Unless you like being pulled into arguments and fights, learning how to deal with high-conflict personalities is critical. Following are some of the effective strategies:

1. Assertive communication

When you get blamed, you’re attacked, and it’s tempting to attack back. This creates a vicious cycle, and before you know it, you’re pulled into the escalation.

Remembering to deal with the situation assertively, not aggressively, is key. Tell them politely that you don’t like it when they blame you. Ask them questions in a non-defensive tone, such as:

“Why are you doing this?”

“What do you want?”

Be mindful of your tone and body language. Ideally, nothing in them should communicate aggression or defensiveness. This should be enough to force them to put the brakes on their attack and self-reflect.

2. Disengagement

When you know they’re a hopeless case and can never self-reflect, the best strategy is disengagement. You simply ignore them and don’t engage them at all. Listen to what they have to say, smile, and carry on doing what you are doing.

No attacking back and no defending.

Think of them as trying to bait you with their attack. If you bite, you’ll be in their trap before you know it.

eden lake movie poster
Eden Lake (2008) provides a great example of how an unnecessary conflict could’ve been avoided by simple disengagement.

3. Calm their fears

Remember that high-conflict people are perceiving more fear than there is fear to be afraid of. If you can figure out what they’re so afraid of, you can calm their fears, and their willingness to fight will go away.

Sometimes these fears are obvious, and sometimes they’re not. You’ll have to do some figuring out in the latter case.

For example, telling your wife that the college friend you’re meeting is engaged can calm her fears of you cheating on her.

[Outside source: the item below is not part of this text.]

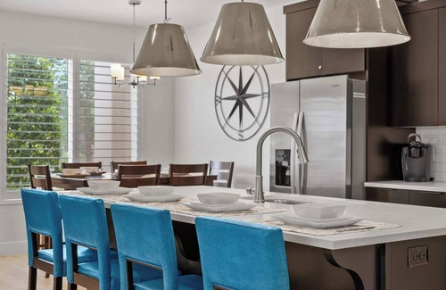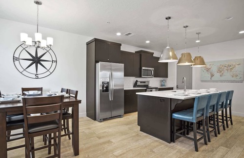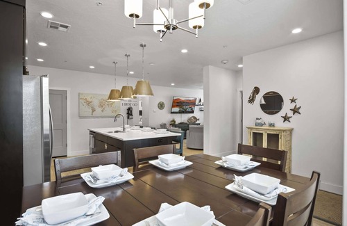 A modern kitchen with a beautiful white countertop island greets you as you walk in the door, inviting you to cook your favorite meal on stainless steel appliances and enjoy it around the dining room table with seating for 6.

Sometimes you have to think of clever ways to calm their fears. Other times, it’s really very simple. All you have to do is acknowledge their fear and let them know you’re going to make sure it won’t happen.

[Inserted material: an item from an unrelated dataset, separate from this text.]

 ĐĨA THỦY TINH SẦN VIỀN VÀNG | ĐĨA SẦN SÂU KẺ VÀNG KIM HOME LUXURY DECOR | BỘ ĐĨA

Note how this strategy differs from trying to convince them that their fear is irrational or exaggerated. That’s not going to work in most cases.

4. Distance yourself

The closer you are to a high-conflict person, the more likely it is that they’ll make you their target of blame. If you’re already in a relationship with a high-conflict person, distancing yourself is a good idea. You don’t have to completely break off the relationship.

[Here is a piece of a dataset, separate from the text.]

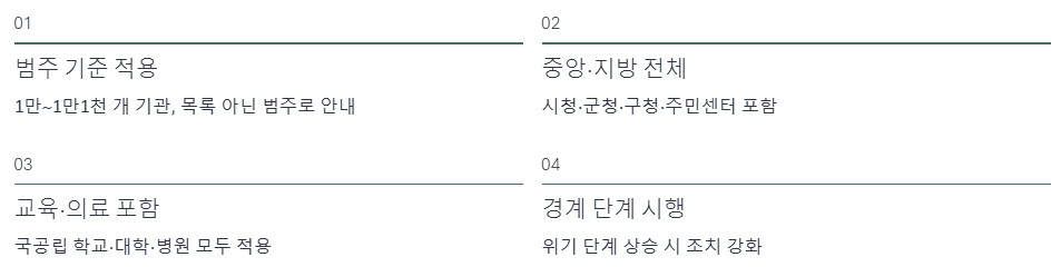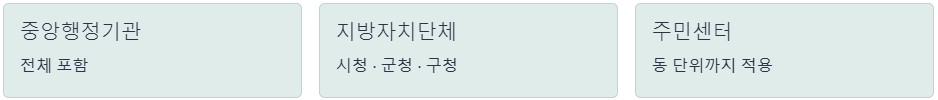 중앙행정기관 전체와 지방자치단체가 포함됩니다. 시청, 군청, 구청, 주민센터까지 모두 적용 범위에 들어갑니다.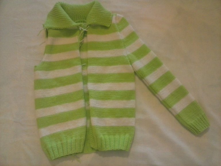 Если все таки окажется. что рукав неудобный, наверное, плюну и второй свяжу полностью зеленый... Но пока еще надеюсь, что прокатит :) Как доча померяет, сразу отпишусь :)

If you detect high conflict traits in an acquaintance, keep them an acquaintance and don’t let them move into your inner circles.

5. Use BIFF responses

Bill Eddy, the author of 5 Types of People Who Can Ruin Your Life, recommends using BIFF responses to handle attacks from high-conflict people:

  • Brief

High-conflict people have a habit of latching on to something you say and turning it into a conflict. The solution: Don’t give them much to latch on to. Keeping your responses brief can prevent escalation.

  • Informative

Provide neutral, objective information they can’t emotionally react to. Respond in a neutral, non-attacking, and non-defensive tone.

  • Friendly

Say something friendly to take the edge off of their attack. For example:

“Thank you for your opinion.”

It’s tempting to say it in a sarcastic tone but don’t- unless you don’t care about your relationship with them. Sarcasm may escalate the conflict and make them harbor resentment against you.

  • Firm

When you ward off their attacks, high-conflict people may try to reel you in harder. They may intensify their attack, keep attacking you, or demand more information. Your response has to be brief and firm. Avoid revealing more for them to latch on to.